With that said, it’s not typical to manage an entire multi-region infrastructure deployment in a single Terraform configuration. Usually a larger deployment would be split into smaller units – one per region is a common first level of decomposition, and then possible further decomposition within each region by functional area or by frequency/risk of change – so that the potential impact of a particular change is reduced, and so Terraform does not have to resynchronize the entire space of objects on every change.

(Performance and “blast radius” considerations aside, there is also the concern of limiting the total dependency space of a particular configuration so that you don’t limit your ability to respond with configuration changes during partial outages. If your single Terraform configuration covers all of your regions and one region has an outage, you’d need to run Terraform in an unusual way to avoid work to reconfigure other regions being blocked by the outage. This is a reason for the first levels of decomposition to align with your system’s failure domains.)

I would typically use something like your region module as the first level of decomposition, either by writing a separate root module for each region that all call into that shared module, or using the region module itself as the root and using workspaces in its backend to keep each region’s state separated. For AWS in particular, the former is usually preferable from a failure domain standpoint, because otherwise all of your state storage will be colocated in a single S3 bucket in a single AWS region. Different tradeoffs can apply to other platforms.

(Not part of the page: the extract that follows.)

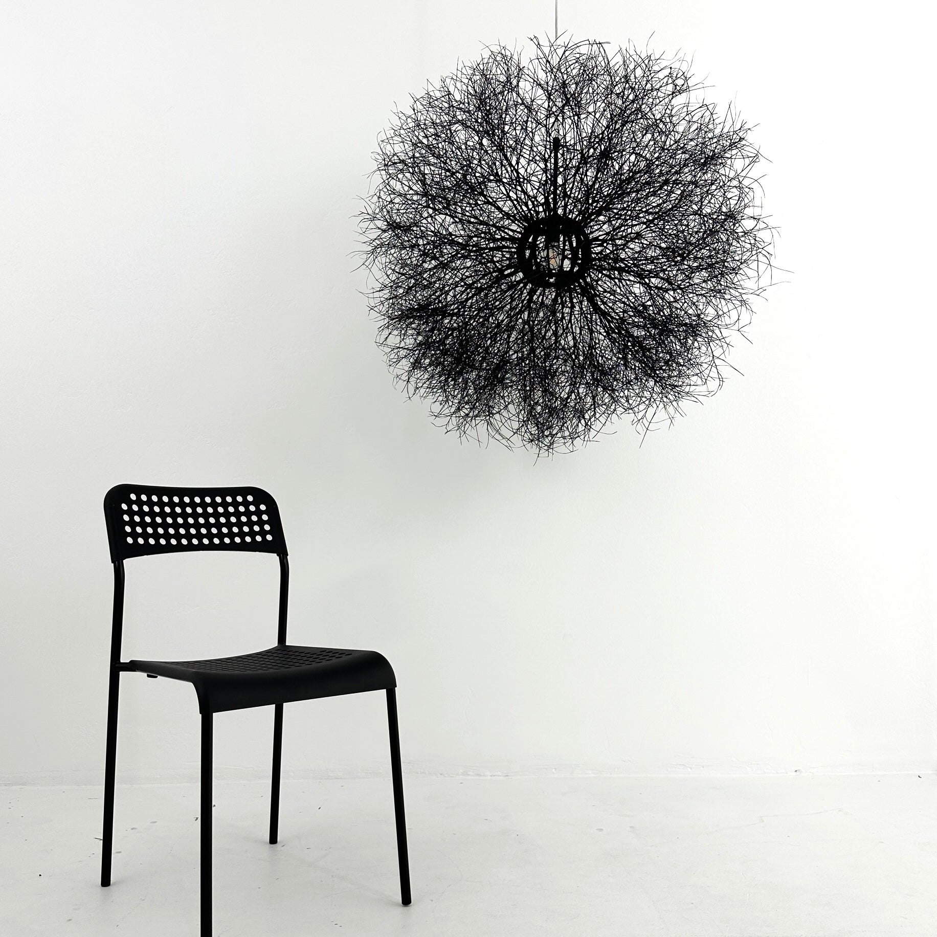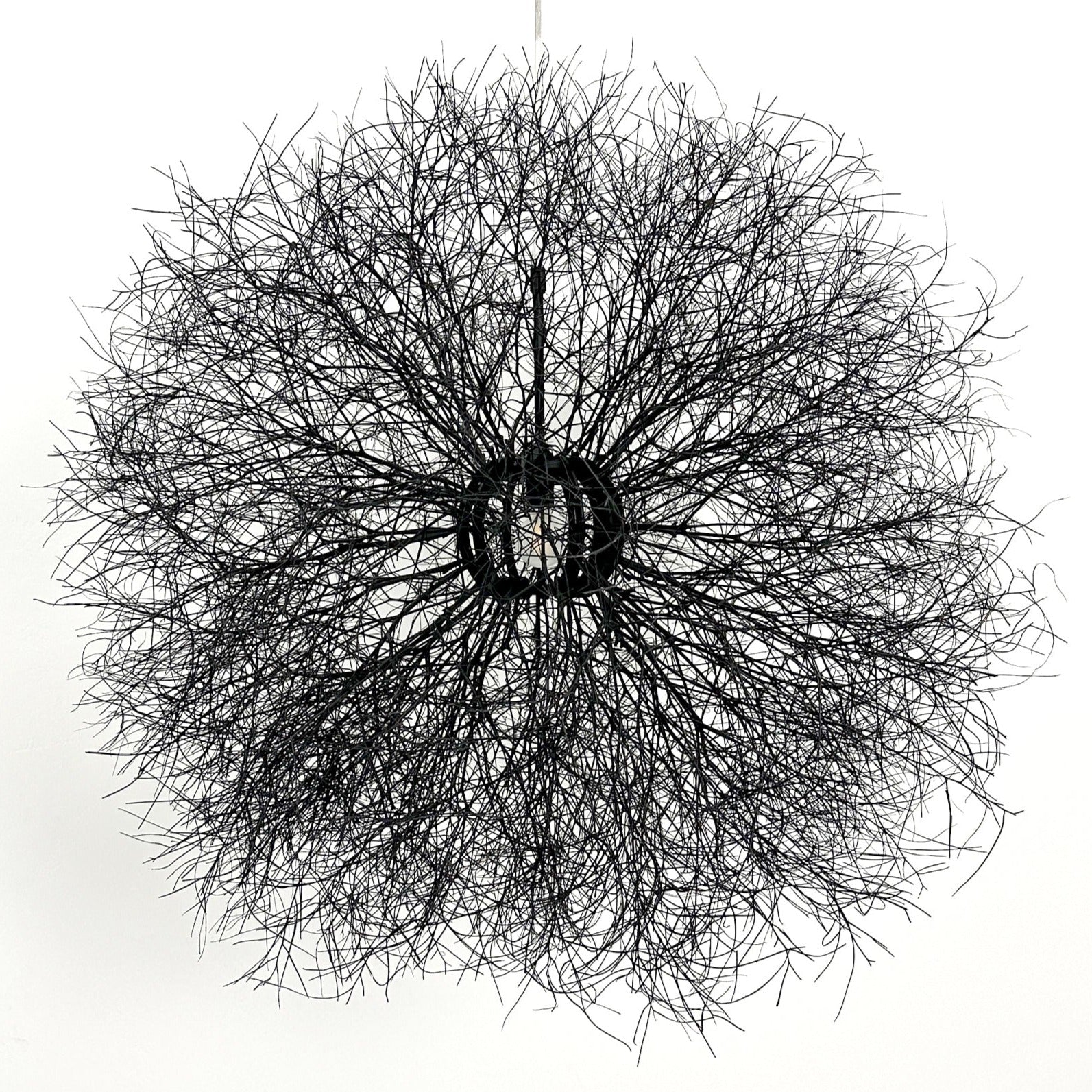 Designer and FH+CO founder, Owen Mortensen, gathers thousands of tumbleweeds along rural roads near his home in Northern Utah. After carefully sorting, cleaning and trimming each tumbleweed, he assembles over 50 "branches" to create a uniform tumbleweed sphere. The result is a modern light sculpture.

There are also often some extra objects that don’t belong to just one region. It looks like your “GlobalAccellerator” objects are examples of that. For these, it’s common to have a separate “global” configuration that can be applied once all of the other regions are active in order to produce whatever global objects are needed to make the parts appear as a single system. The global configuration can use data sources to retrieve information about the region-specific objects as necessary to complete the global object configurations. The global configuration will be spanning across multiple failure domains of course, so it’s best to keep it as small as possible within other constraints.

I hope that helps!

2 Likes

Excellent info, thanks for all the tips, I will have to subdivide this further. Would you recommend creating 1 Terraform “project” or configuration per AZ even? Or is per-region good enough?

Thanks again!

Hi @lancejpollard,

Sorry I didn’t reply sooner. I’ve been taking some personal time for the last couple of weeks.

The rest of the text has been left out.